On average, the systems misunderstood 35% of the words that blacks spoke but only 19% that whites spoke. (Credit: Getty Images)

Automated speech recognition is more likely to misinterpret black speakers, research finds.

The technology behind the United States’ leading automated speech recognition systems makes twice as many errors when interpreting words spoken by African Americans as when interpreting the same words spoken by whites, according to the research.

While the study focused exclusively on disparities between black and white Americans, similar problems could affect people who speak with regional and non-native-English accents, the researchers conclude.

“…one should expect that US-based companies would build products that serve all Americans.”

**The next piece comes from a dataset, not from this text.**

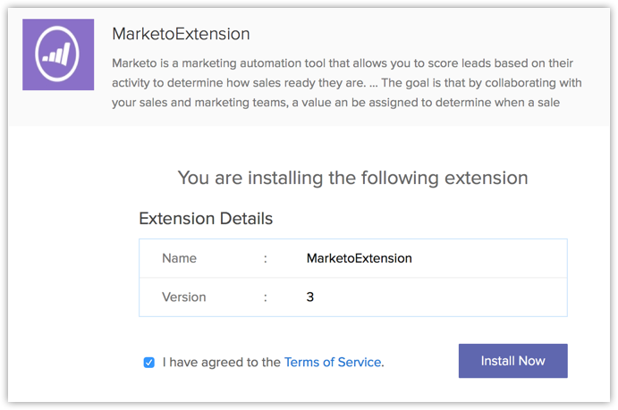 您可以转到Zoho 市场并安装 Marketo 扩展或登录您的 Zoho CRM 账户并安装。

If not addressed, this translational imbalance could have serious consequences for people’s careers and even lives. Many companies now screen job applicants with automated online interviews that employ speech recognition. Courts use the technology to help transcribe hearings. For people who can’t use their hands, moreover, speech recognition is crucial for accessing computers.

The findings, published in the Proceedings of the National Academy of Sciences, are based on tests of systems developed by Amazon, IBM, Google, Microsoft, and Apple. The first four companies provide online speech recognition services for a fee, and the researchers ran their tests using those services. For the fifth, the researchers built a custom iOS application that ran tests using Apple’s free speech recognition technology. The tests took place last spring, and the speech technologies may have been updated since then.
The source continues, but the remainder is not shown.